A new promising combination therapy against hepatitis B outlined in a recent study, entitled, “Entecavir combined with furin inhibitor simultaneously reduces hepatitis B virus replication and e antigen secretion” published in Virology Journal
by Hui Y Yang, the first author of the study, part of Dr. Xiao M Peng’s
group from Hepatology Laboratory, the Hospital for Liver Disease, Sun
Yat-Sen University, China, may offer a potential antiviral therapy for
the chronic form of the disease.
Hepatitis B virus
(HBV) infections cause 1 million deaths worldwide per year. Antiviral
therapy is crucial to improve the prognoses of the patients. There are
three main aims to be achieved in the antiviral therapy of chronic
hepatitis B virus (HBV) infection, a virological response, undetectable
levels of HBV DNA in the serum, and hepatitis B e antigen (HBeAg)
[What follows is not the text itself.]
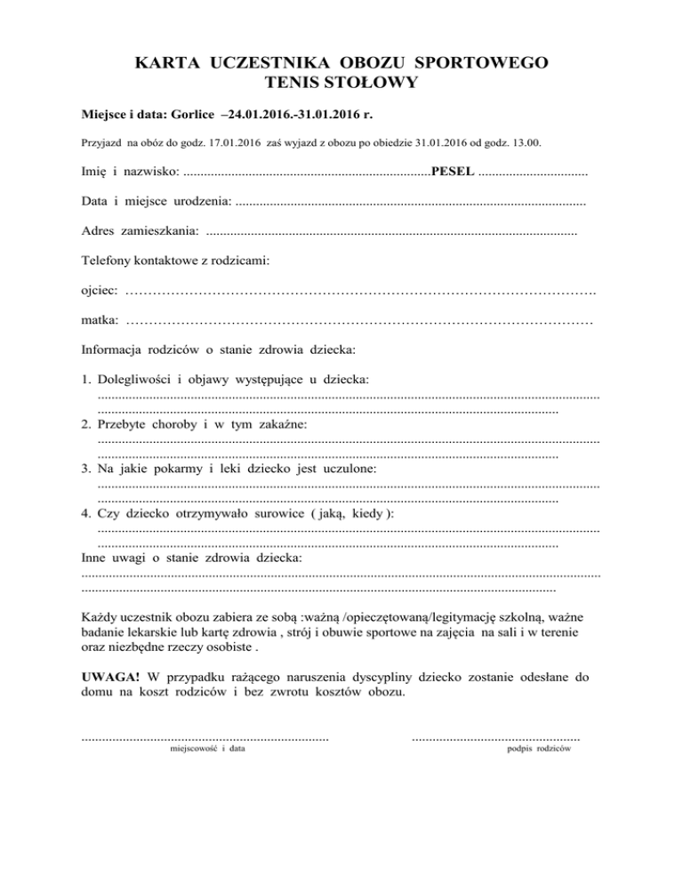 KARTA UCZESTNIKA OBOZU SPORTOWEGO TENIS STOŁOWY Miejsce i data: Gorlice –24.01.2016.-31.01.2016 r. Przyjazd na obóz do godz. 17.01.2016 zaś wyjazd z obozu po obiedzie 31.01.2016 od godz. 13.00. Imię i nazwisko: ........................................................................PESEL ................................ Data i miejsce urodzenia: ...................................................................................................... Adres zamieszkania: ............................................................................................................ Telefony kontaktowe z rodzicami: ojciec: …………………………………………………………………………………………. matka: ………………………………………………………………………………………… Informacja rodziców o stanie zdrowia dziecka: 1. Dolegliwości i objawy występujące u dziecka: .................................................................................................................................................. ...................................................................................................................................... 2. Przebyte choroby i w tym zakaźne: .................................................................................................................................................. ...................................................................................................................................... 3. Na jakie pokarmy i leki dziecko jest uczulone: .................................................................................................................................................. ...................................................................................................................................... 4. Czy dziecko otrzymywało surowice ( jaką, kiedy ): .................................................................................................................................................. ...................................................................................................................................... Inne uwagi o stanie zdrowia dziecka: ....................................................................................................................................................... .......................................................................................................................................... Każdy uczestnik obozu zabiera ze sobą :ważną /opieczętowaną/legitymację szkolną, ważne badanie lekarskie lub kartę zdrowia , strój i obuwie sportowe na zajęcia na sali i w terenie oraz niezbędne rzeczy osobiste . UWAGA! W przypadku rażącego naruszenia dyscypliny dziecko zostanie odesłane do domu na koszt rodziców i bez zwrotu kosztów obozu. ........................................................................ miejscowość i data ................................................. podpis rodziców OŚWIADCZENIE Wyrażam zgodę na gromadzenie i przetwarzanie moich* danych osobowych mojego dziecka*/wychowanka*, zawartych w dokumentacji szkoleniowej i finansowej dotyczącej realizowanych przez Małopolski Związek Stowarzyszeń Kultury Fizycznej we współpracy ze swoimi członkami statutowymi, zadań dofinansowywanych ze środków publicznych, w tym Funduszu Rozwoju Kultury Fizycznej oraz Województwa Małopolskiego, dla potrzeb administrowanych przez Ministerstwo Sportu i Turystyki systemów informatycznych oraz gromadzonej przez Województwo Małopolskie dokumentacji, zgodnie z ustawą z dnia 29.08.1997 r. o ochronie danych osobowych (Dz.U. z 2002 r. Nr 101, poz. 926 z późn. zm.) Czytelny podpis osoby pełnoletniej lub jednego opiekuna prawnego osoby niepełnoletniej nazwisko i imię zawodnika*/szkoleniowca* …………………………, dnia ……………2016 r. * - niepotrzebne skreślić OŚWIADCZENIE Wyrażam zgodę na gromadzenie i przetwarzanie moich* danych osobowych mojego dziecka*/wychowanka*, zawartych w dokumentacji szkoleniowej i finansowej dotyczącej realizowanych przez Małopolski Związek Stowarzyszeń Kultury Fizycznej we współpracy ze swoimi członkami statutowymi, zadań dofinansowywanych ze środków publicznych, w tym Funduszu Rozwoju Kultury Fizycznej oraz Województwa Małopolskiego, dla potrzeb administrowanych przez Ministerstwo Sportu i Turystyki systemów informatycznych oraz gromadzonej przez Województwo Małopolskie dokumentacji, zgodnie z ustawą z dnia 29.08.1997 r. o ochronie danych osobowych (Dz.U. z 2002 r. Nr 101, poz. 926 z późn. zm.) Czytelny podpis osoby pełnoletniej lub jednego opiekuna prawnego osoby niepełnoletniej nazwisko i imię zawodnika*/szkoleniowca* …………………………, dnia ……………2016 r. * - niepotrzebne skreślić OŚWIADCZENIE Wyrażam zgodę na gromadzenie i przetwarzanie moich* danych osobowych mojego dziecka*/wychowanka*, zawartych w dokumentacji szkoleniowej i finansowej dotyczącej realizowanych przez Małopolski Związek Stowarzyszeń Kultury Fizycznej we współpracy ze swoimi członkami statutowymi, zadań dofinansowywanych ze środków publicznych, w tym Funduszu Rozwoju Kultury Fizycznej oraz Województwa Małopolskiego, dla potrzeb administrowanych przez Ministerstwo Sportu i Turystyki systemów informatycznych oraz gromadzonej przez Województwo Małopolskie dokumentacji, zgodnie z ustawą z dnia 29.08.1997 r. o ochronie danych osobowych (Dz.U. z 2002 r. Nr 101, poz. 926 z późn. zm.) nazwisko i imię zawodnika*/szkoleniowca* …………………………, dnia ……………2016 r. * - niepotrzebne skreślić Czytelny podpis osoby pełnoletniej lub jednego opiekuna prawnego osoby niepełnoletniej ........................... dnia ................... Wyrażamy zgodę na udział mojego wychowanka*/ dziecka* ............................................................ we wszystkich akcj

seroconversion (HBeAg serological response). While the HBeAg persistence
is an independent risk factor for hepatocellular carcinoma, the HBeAg
seroconversion is thought to be important for a benign prognosis. The
virological response plus HBeAg serological response have a low relapse
probability, when patients are not under treatment with the current
antiviral therapy, when compared with virological response alone. The
current antiviral therapies include recombinant interferon and
nucleoside/nucleoside analogs, like entecavir (ETV), which cannot
rapidly achieve simultaneously the two main aims of the antiviral
therapy. Nucleoside analog entecavir (ETV) inhibits HBV replication but
may induce HBeAg seroconversion. For these reasons, ETV combined with
some direct HBeAg secretion-inhibitory strategies seems a way to improve
the current antiviral therapy of chronic hepatitis B.